If we start with the idea of a “strategic reorientation,” this would normally mean a clear and lasting change in alliances, usually including a new security provider. That is not the case here. No Western actor has replaced Russia’s former security role, and there are no formal defence guarantees or accession paths in place. So the security foundation remains largely unchanged.
The idea of “balancing” also does not fully fit. Balancing assumes that a state can rely on two roughly equal external sides. But in Armenia’s case, this symmetry is missing. Russia’s credibility as a security partner has weakened after the 2020 war and especially after the 2023 developments in Nagorno-Karabakh, while the EU does not act as a military counterweight. So Armenia is not balancing between equals.

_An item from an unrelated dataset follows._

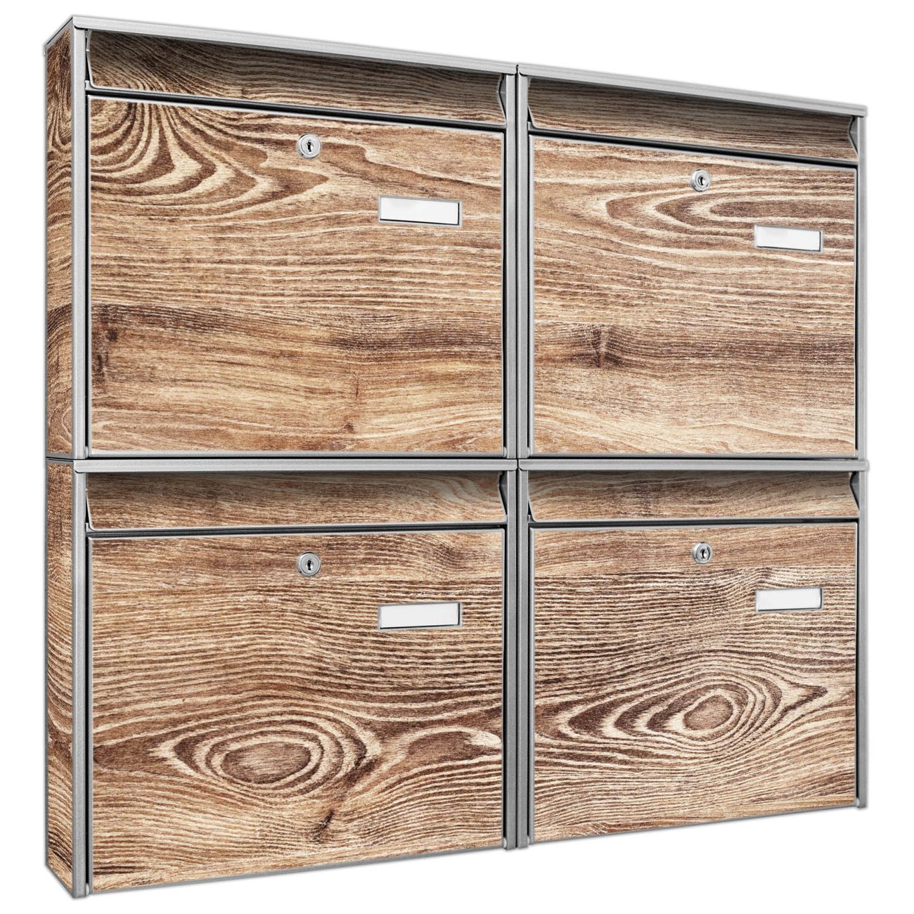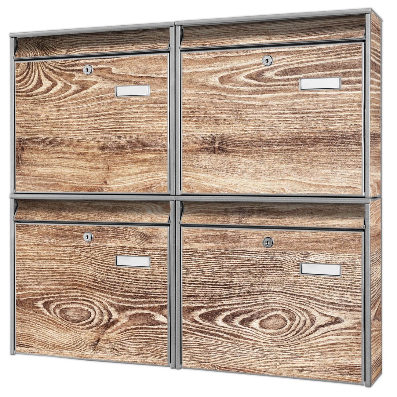 FUNKTION: Die Burg-Wächter Briefkastenanlage mit Motiv Maserung bietet Ihnen ausreichend Fassungsvermögen um auch A4 und C4 Sendungen zu empfangen. Das integrierte Namensschild lässt sich individuell beschriften. Wählen Sie aus den Grundfarben weiß, silber und schwarz. DESIGN: Die 4 Briefkästen haben ein ansprechendes und zeitloses Design, ohne dabei auf Funktionalität zu verzichten. Das Material ist sehr stabil, wetterfest und rostfrei. Durch das Motiv Maserung werden die Postkästen zu einem Blickfang. DETAILS: Die Postkästen bestehen aus verzinktem Stahl der zusätzlich mit Klarlack versiegelt wurde. Die Kästen sind gesamt 64,5cm hoch, 72,5cm breit und 10cm tief. Das Motiv besteht aus einer wetter- und UV-festen Folie, die Ihren Briefkasten zusätzlich vor Kratzern schützt. Die Postkästen werden mit Montagematerial, je einem Namensschild und je zwei Schlüsseln geliefert. NUTZEN: Das Briefkastenset eignet sich für die Wandmontage, die Größe bietet genügend Platz für Sendungen aller Art. Das zeitlose Design sowie die stabile Bauart bieten Ihnen einen treuen Begleiter für Ihre Post. BANJADO:

Even “multi-vector” foreign policy is only partially useful here. In theory, it suggests a state can freely shift between partners and manage relations independently. In practice, Armenia’s room for manoeuvre is limited by geography, security exposure, and economic dependence. This makes its choices less flexible than the term usually implies.
A more accurate way to understand the situation is to see it as a constrained and uneven form of reorientation combined with hedging. In simple terms, Armenia is gradually moving closer to Europe in areas like governance, connectivity, and economic policy, while still keeping ties with Russia because it cannot fully replace its security function. This creates a dual structure. On one side, Armenia’s political and economic alignment is slowly becoming more European. On the other side, its security situation remains unresolved and dependent on external actors that do not fully provide protection. The result is not a stable balance, but a mismatch: political and economic change is moving faster than security change, which leaves Armenia in a flexible but uncertain position.
Conclusion: A European Opening Under Constraints
The European Political Community Summit, together with later EU–Armenia deepening, shows that Armenia’s external orientation is gradually changing. The main trend is a shift away from exclusive reliance on Russia toward closer engagement with Europe in politics, economics, and governance.
This process remains incomplete because security structures have not changed at the same pace. Russia’s credibility as a security partner has weakened, while geography, regional tensions, and economic dependence continue to limit Armenia’s strategic options.
Armenia’s foreign policy reflects adaptation to these constraints. It no longer depends on a single external power, yet no alternative security framework exists. The result is a position between systems, with growing European alignment alongside continued security dependence.